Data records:
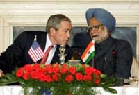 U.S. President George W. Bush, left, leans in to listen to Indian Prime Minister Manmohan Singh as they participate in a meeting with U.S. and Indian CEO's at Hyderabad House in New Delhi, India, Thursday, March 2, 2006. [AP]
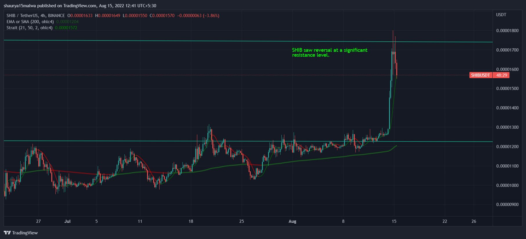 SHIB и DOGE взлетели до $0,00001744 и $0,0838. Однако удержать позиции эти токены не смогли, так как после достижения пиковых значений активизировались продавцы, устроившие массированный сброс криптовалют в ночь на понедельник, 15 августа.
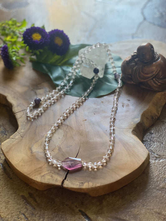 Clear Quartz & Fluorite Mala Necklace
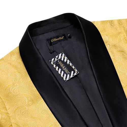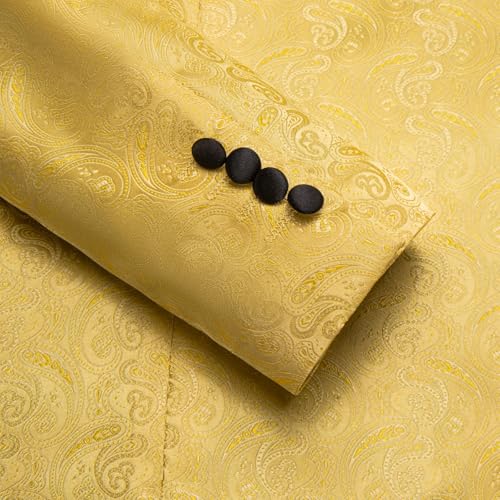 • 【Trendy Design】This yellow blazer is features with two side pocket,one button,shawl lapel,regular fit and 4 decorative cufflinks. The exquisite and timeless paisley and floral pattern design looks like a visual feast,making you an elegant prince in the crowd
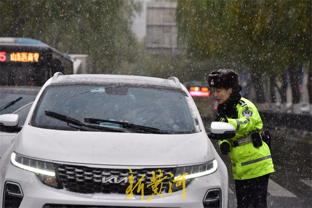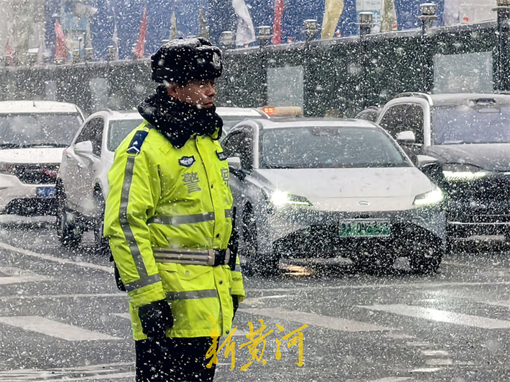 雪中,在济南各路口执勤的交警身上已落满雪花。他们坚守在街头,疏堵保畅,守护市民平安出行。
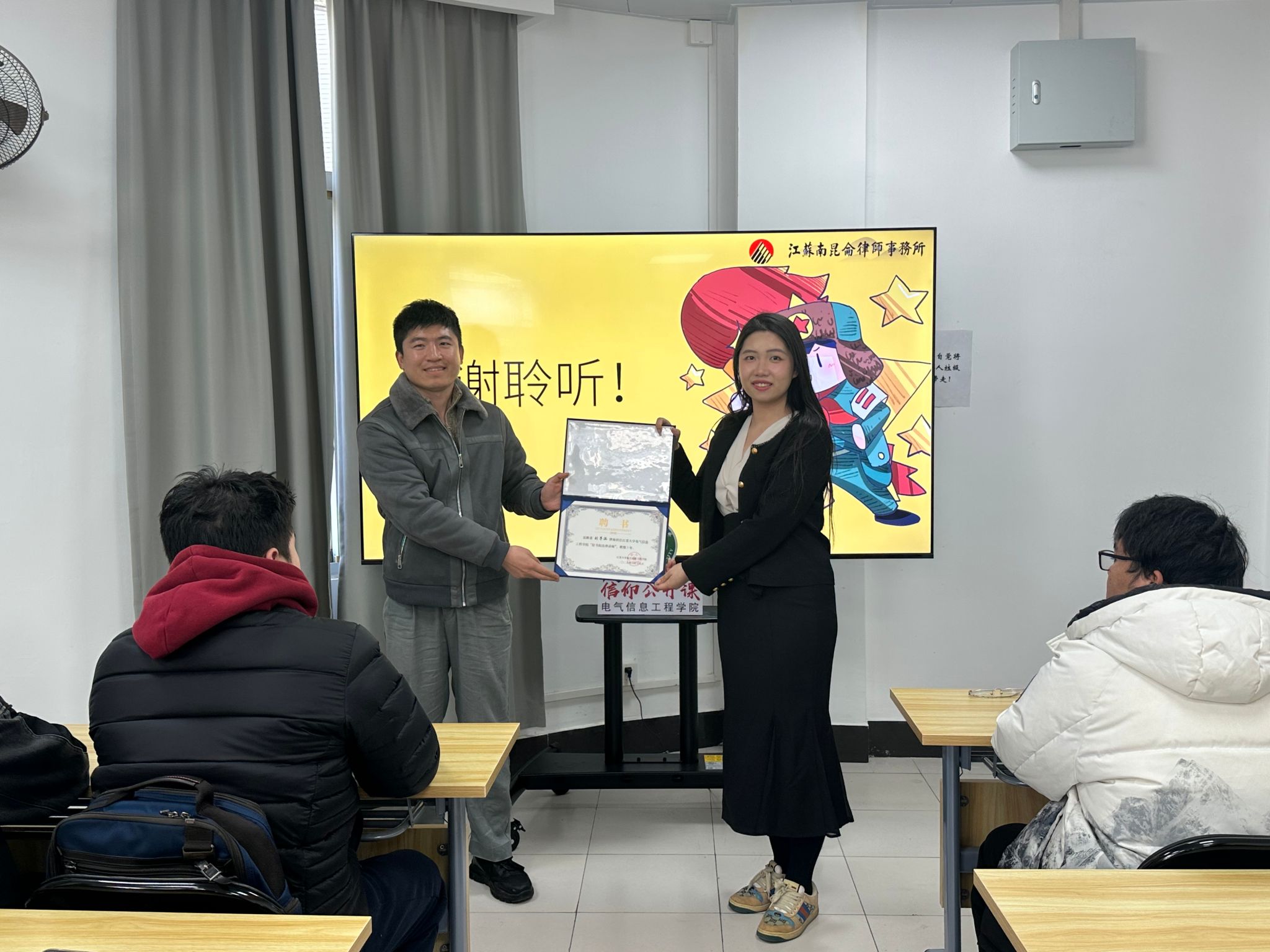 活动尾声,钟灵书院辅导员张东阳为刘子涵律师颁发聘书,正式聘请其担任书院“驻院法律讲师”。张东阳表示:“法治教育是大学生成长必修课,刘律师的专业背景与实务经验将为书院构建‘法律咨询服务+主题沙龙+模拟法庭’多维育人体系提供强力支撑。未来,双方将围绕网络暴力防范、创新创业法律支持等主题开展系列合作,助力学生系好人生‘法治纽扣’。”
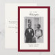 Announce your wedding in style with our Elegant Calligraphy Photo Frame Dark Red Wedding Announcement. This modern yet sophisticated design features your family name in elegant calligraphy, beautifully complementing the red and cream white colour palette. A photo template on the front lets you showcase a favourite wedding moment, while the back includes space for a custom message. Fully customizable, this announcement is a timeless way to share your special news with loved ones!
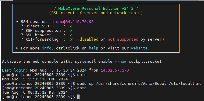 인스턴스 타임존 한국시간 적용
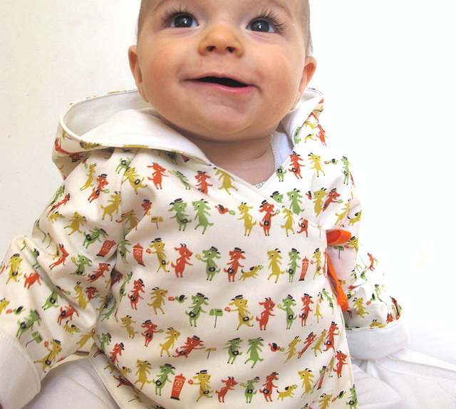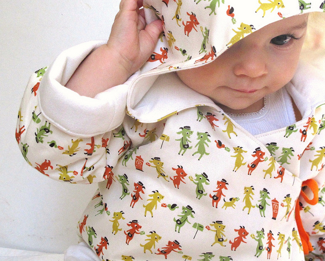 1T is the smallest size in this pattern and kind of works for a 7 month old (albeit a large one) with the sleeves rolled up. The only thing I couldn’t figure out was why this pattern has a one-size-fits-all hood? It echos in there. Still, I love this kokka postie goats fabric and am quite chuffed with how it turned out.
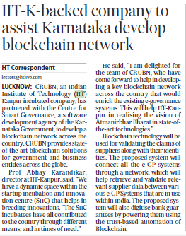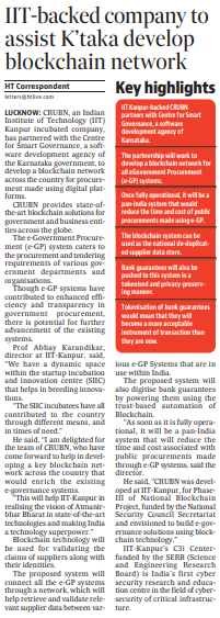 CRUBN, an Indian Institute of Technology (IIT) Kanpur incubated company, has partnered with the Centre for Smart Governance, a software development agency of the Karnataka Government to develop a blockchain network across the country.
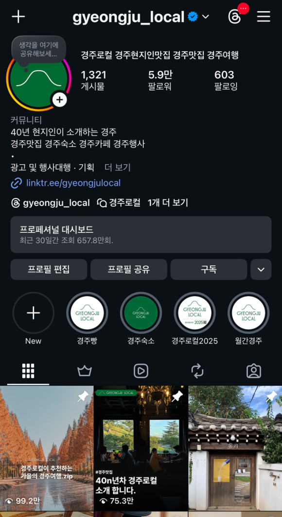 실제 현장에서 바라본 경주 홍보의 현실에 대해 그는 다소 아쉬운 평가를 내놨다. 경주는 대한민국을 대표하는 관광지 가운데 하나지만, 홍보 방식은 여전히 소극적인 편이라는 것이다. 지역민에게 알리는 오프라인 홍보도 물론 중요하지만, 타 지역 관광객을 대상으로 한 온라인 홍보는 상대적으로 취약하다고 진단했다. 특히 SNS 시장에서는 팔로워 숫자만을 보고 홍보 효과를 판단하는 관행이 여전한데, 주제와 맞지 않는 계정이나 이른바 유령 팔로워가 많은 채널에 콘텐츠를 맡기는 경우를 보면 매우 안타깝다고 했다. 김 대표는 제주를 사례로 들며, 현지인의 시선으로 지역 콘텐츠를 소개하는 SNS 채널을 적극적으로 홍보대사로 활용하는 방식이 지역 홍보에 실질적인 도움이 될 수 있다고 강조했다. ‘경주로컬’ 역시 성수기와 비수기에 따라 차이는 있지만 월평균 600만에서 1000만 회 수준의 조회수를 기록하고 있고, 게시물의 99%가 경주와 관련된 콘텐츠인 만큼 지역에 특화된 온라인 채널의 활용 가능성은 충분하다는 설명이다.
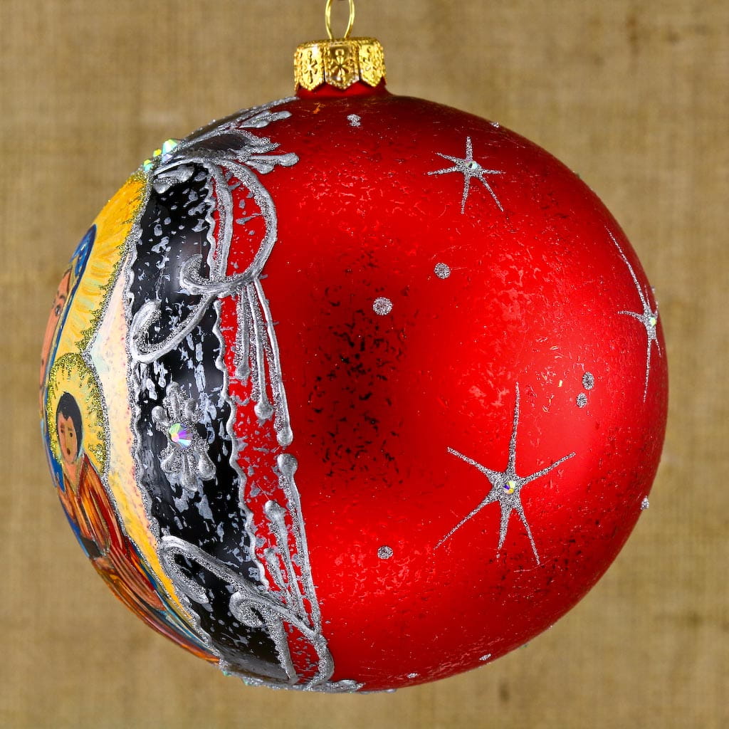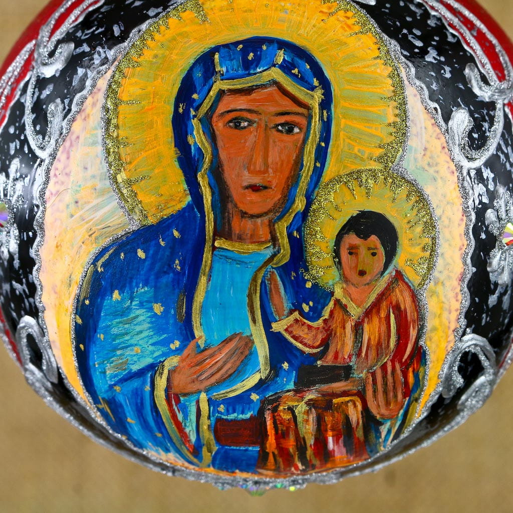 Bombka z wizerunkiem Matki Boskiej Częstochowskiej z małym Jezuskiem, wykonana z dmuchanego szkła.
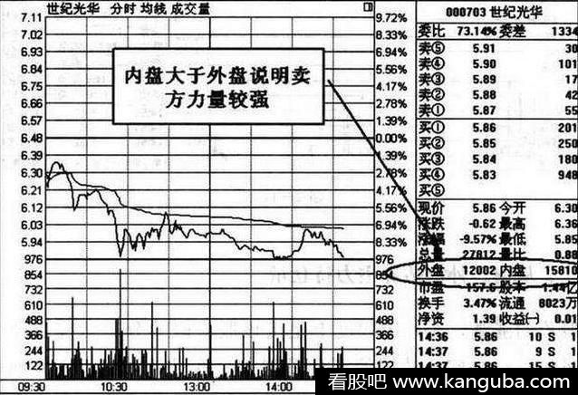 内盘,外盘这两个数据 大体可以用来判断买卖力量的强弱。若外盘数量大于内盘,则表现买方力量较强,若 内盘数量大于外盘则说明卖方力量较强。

- What to do: Begin with the first line of the entries above and write out each line exactly, ending with the line containing "Clear Quartz & Fluorite Mala Necklace". Leave out pictures.

- Solution below:
 U.S. President George W. Bush, left, leans in to listen to Indian Prime Minister Manmohan Singh as they participate in a meeting with U.S. and Indian CEO's at Hyderabad House in New Delhi, India, Thursday, March 2, 2006. [AP]
 SHIB и DOGE взлетели до $0,00001744 и $0,0838. Однако удержать позиции эти токены не смогли, так как после достижения пиковых значений активизировались продавцы, устроившие массированный сброс криптовалют в ночь на понедельник, 15 августа.
 Clear Quartz & Fluorite Mala Necklace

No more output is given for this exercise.